[Source data]
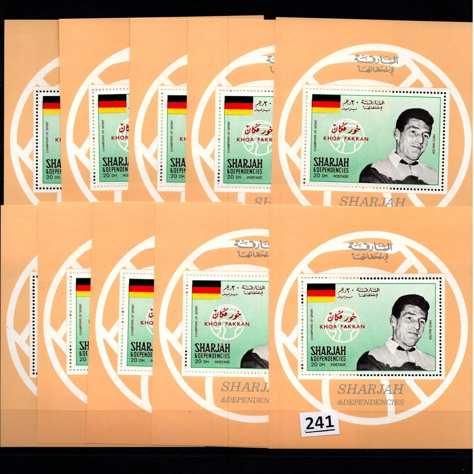 10X KHOR FAKKAN - MNH - SHARJAH - SOCCER - FLAGS - OVERPRINT - CHAMPIONS
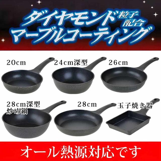 炒め鍋 28cm IH対応 軽量 タフクック 深型フライパン ダイヤモンドマーブルコーティング ( ガス火対応 オール熱源対応 いため鍋 深型 金属ヘラOK 軽い 28センチ アルミ製 フライパン ih対応 28cm フライパン 28cm)
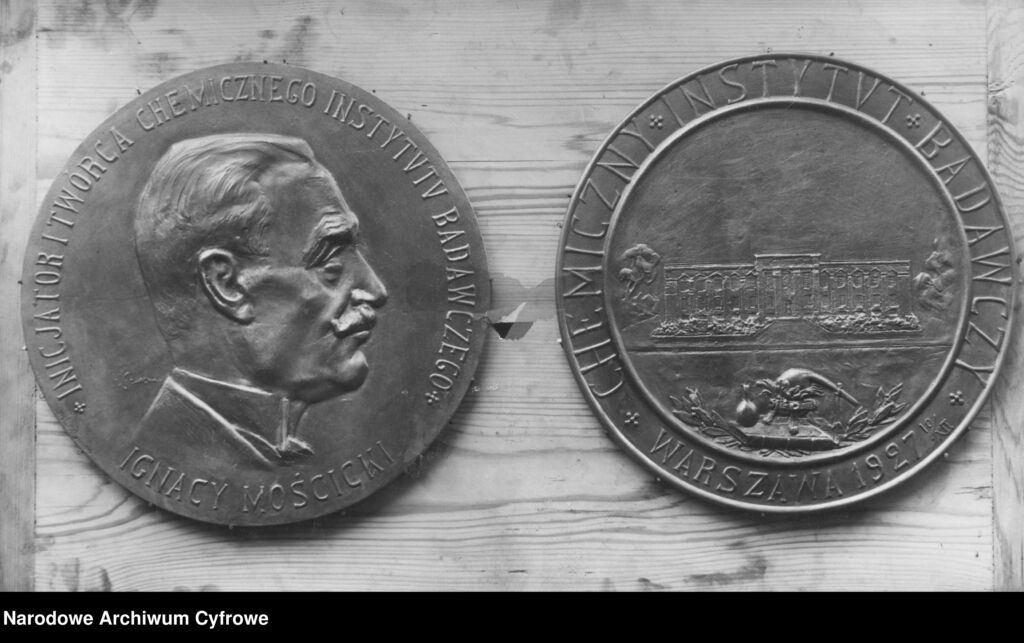 Awers i rewers medalu wybitego z okazji poświęcenia instytutu. Na awersie widoczny profil prezydenta RP Ignacego Mościckiego inicjatora i twórcy Chemicznego Instytutu Badawczego
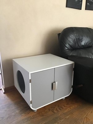 [This review was collected as part of a promotion.] I absolutely love this Cat Box Cabinet Side Table! It looks beautiful in my living room. Very well made, it should last forever. My kitties love it also, they went in and checked it out minutes after I set it up.
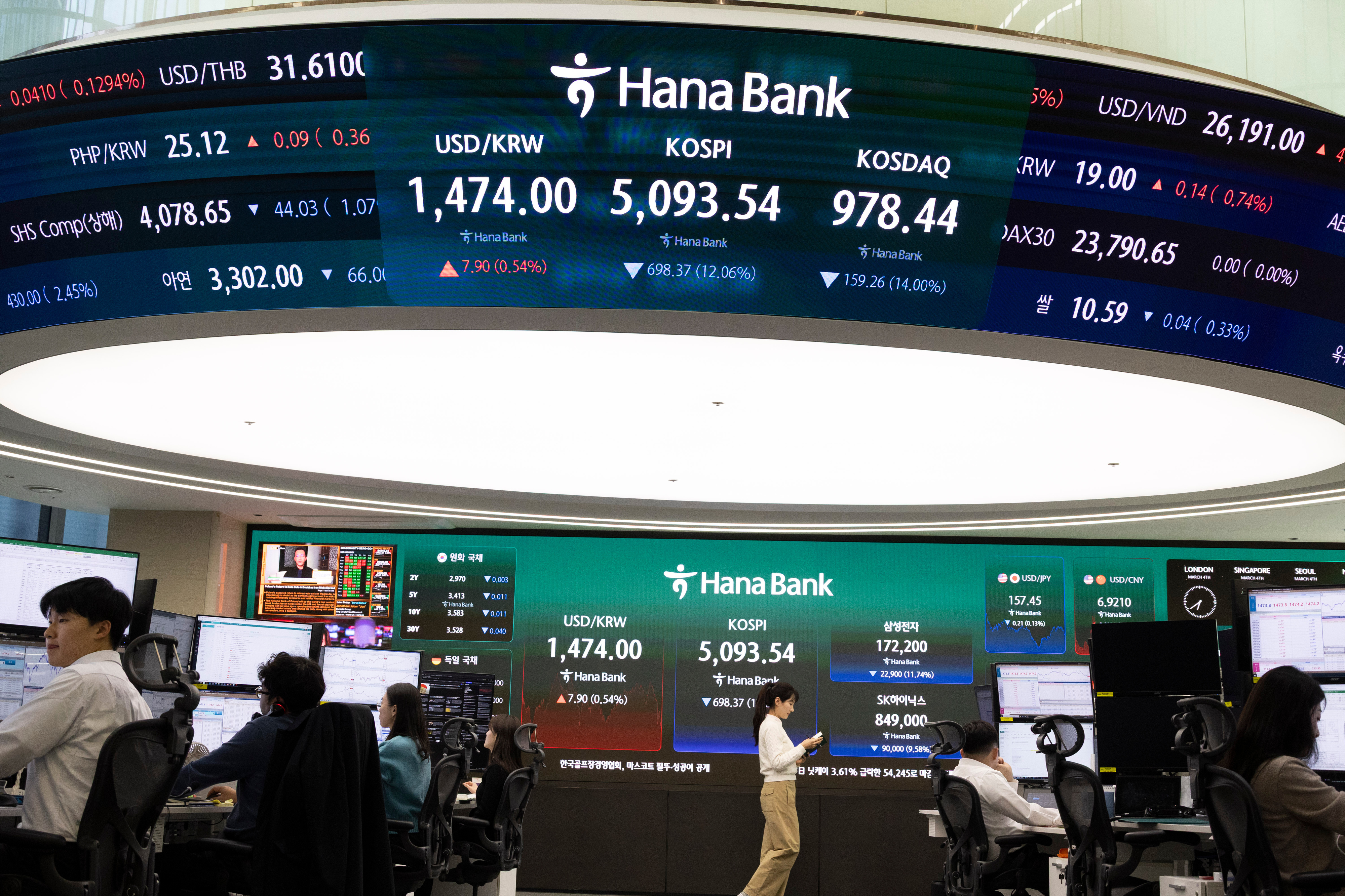 3月4日,银行职员在韩国首尔一家银行的股指大屏前工作。新华社发(全休相摄)
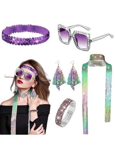 1970s Disco Accessories Disco Costume Set With Sunglasses Long Scarf Earrings - 彩色 - 查看 1
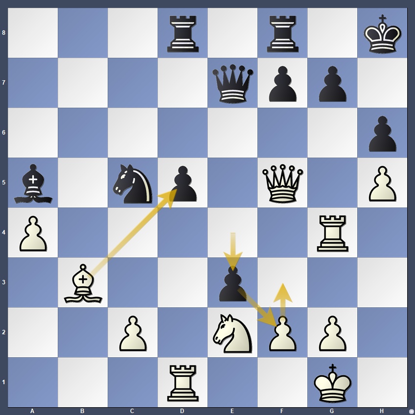 Notably, Black could no longer contest the d-file with 31…Rad8, as 32.Nf5! wins material after 32…Qc7 33.Rxd8 Rxd8 34.Rxd8 Rxd8 35.Qa7, picking up at least a pawn. Despite determined resistance, the Armenian grandmaster could not save the game.
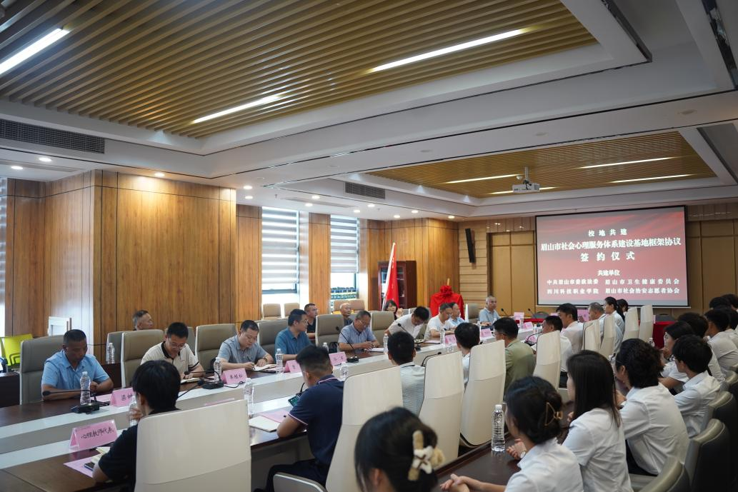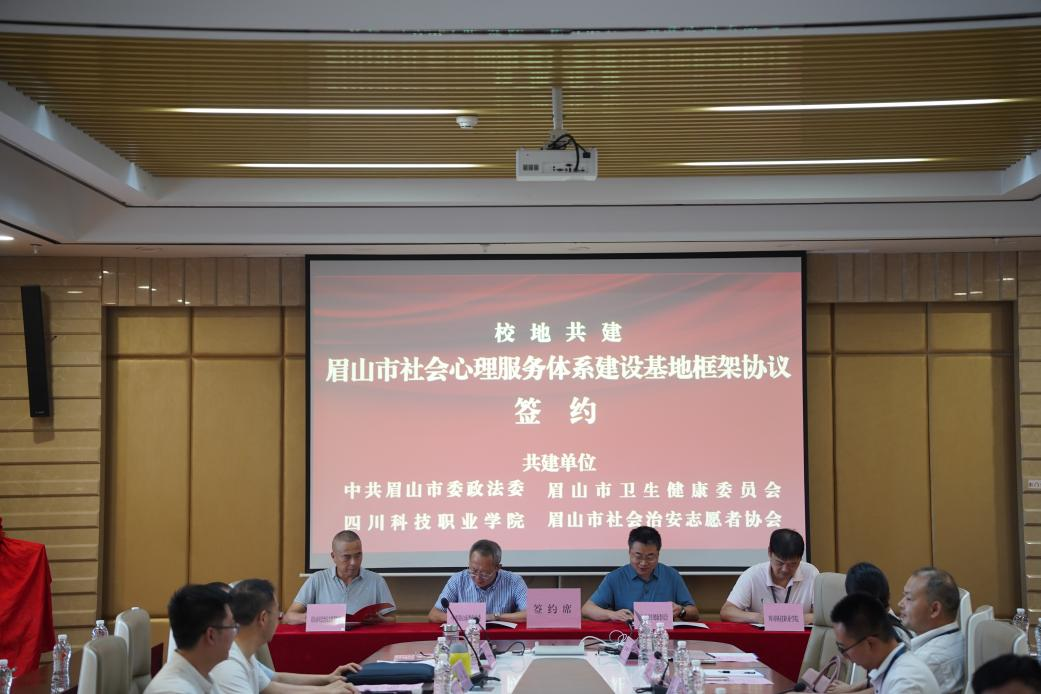 日前,四川省眉山市社會心理服務體系建設基地框架協(xié)議簽約儀式在四川科技職業(yè)學院舉行。眉山市委政法委副書記李樹明出席儀式并講話。
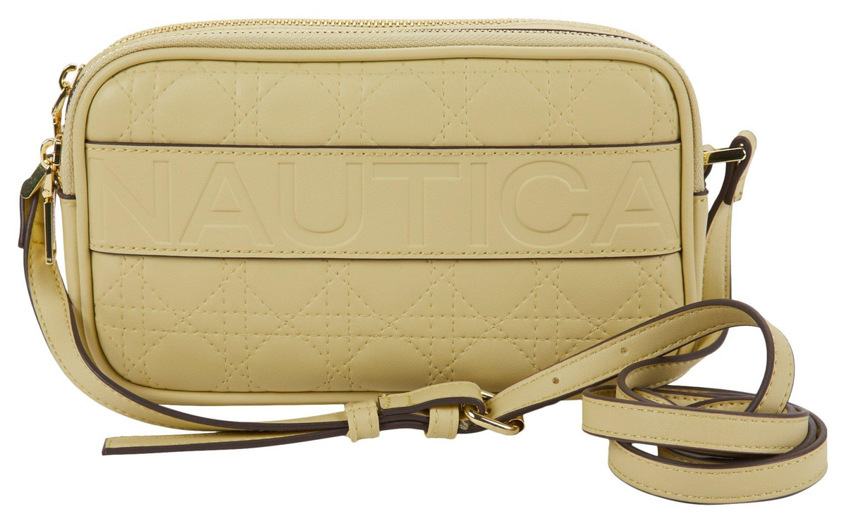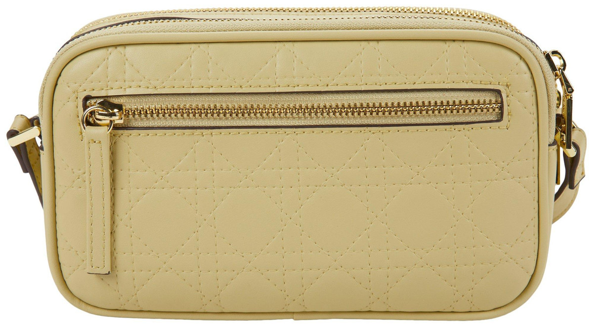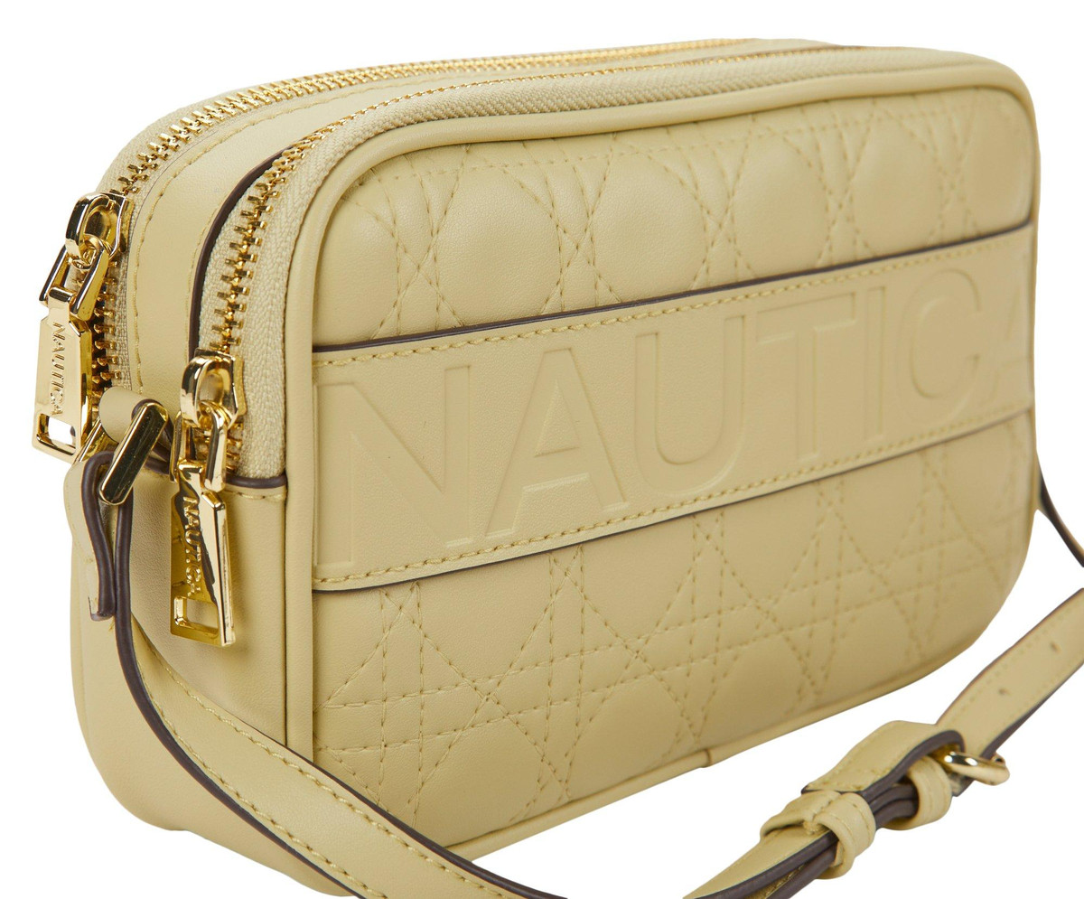 Introducing the Lattice Quilt Camera Crossbody Bag, featuring a chic faux leather exterior and gold-tone hardware. This stylish bag includes a double top zip compartment for secure storage, an adjustable crossbody strap for a perfect fit, and an exterior zip pocket for easy access to essentials. Measuring 8 inches by 2 inches by 5 inches, it combines elegance and functionality, making it an ideal accessory for any occasion.
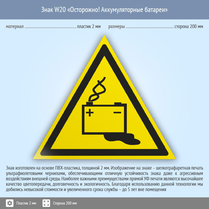 Знак W20 «Осторожно! аккумуляторные батареи» (пластик, сторона 200 мм) в Сургуте купить
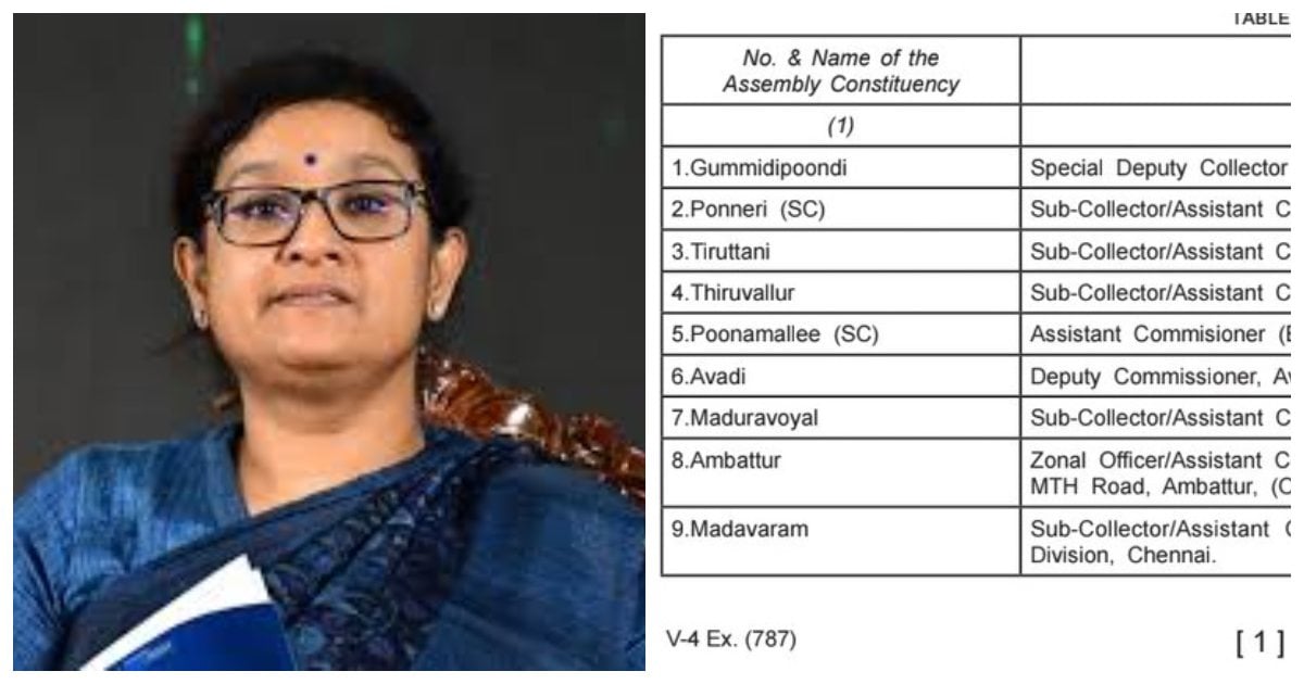 - முதல்வர் ஸ்டாலினின் கொளத்தூர் சட்டமன்ற தொகுதி தேர்தல் அதிகாரியாக, கலால் துறையின் சேப்பாக்கம் பகுதி இணை ஆணையர்

→ **About this exercise**
Output a verbatim copy of the entries and skip the pictures.

→ **Reply to the exercise**
 10X KHOR FAKKAN - MNH - SHARJAH - SOCCER - FLAGS - OVERPRINT - CHAMPIONS
 炒め鍋 28cm IH対応 軽量 タフクック 深型フライパン ダイヤモンドマーブルコーティング ( ガス火対応 オール熱源対応 いため鍋 深型 金属ヘラOK 軽い 28センチ アルミ製 フライパン ih対応 28cm フライパン 28cm)
 Awers i rewers medalu wybitego z okazji poświęcenia instytutu. Na awersie widoczny profil prezydenta RP Ignacego Mościckiego inicjatora i twórcy Chemicznego Instytutu Badawczego
 [This review was collected as part of a promotion.] I absolutely love this Cat Box Cabinet Side Table! It looks beautiful in my living room. Very well made, it should last forever. My kitties love it also, they went in and checked it out minutes after I set it up.
 3月4日,银行职员在韩国首尔一家银行的股指大屏前工作。新华社发(全休相摄)
 1970s Disco Accessories Disco Costume Set With Sunglasses Long Scarf Earrings - 彩色 - 查看 1
 Notably, Black could no longer contest the d-file with 31…Rad8, as 32.Nf5! wins material after 32…Qc7 33.Rxd8 Rxd8 34.Rxd8 Rxd8 35.Qa7, picking up at least a pawn. Despite determined resistance, the Armenian grandmaster could not save the game.
 日前,四川省眉山市社會心理服務體系建設基地框架協(xié)議簽約儀式在四川科技職業(yè)學院舉行。眉山市委政法委副書記李樹明出席儀式并講話。
 Introducing the Lattice Quilt Camera Crossbody Bag, featuring a chic faux leather exterior and gold-tone hardware. This stylish bag includes a double top zip compartment for secure storage, an adjustable crossbody strap for a perfect fit, and an exterior zip pocket for easy access to essentials. Measuring 8 inches by 2 inches by 5 inches, it combines elegance and functionality, making it an ideal accessory for any occasion.
 Знак W20 «Осторожно! аккумуляторные батареи» (пластик, сторона 200 мм) в Сургуте купить
 - முதல்வர் ஸ்டாலினின் கொளத்தூர் சட்டமன்ற தொகுதி தேர்தல் அதிகாரியாக, கலால் துறையின் சேப்பாக்கம் பகுதி இணை ஆணையர்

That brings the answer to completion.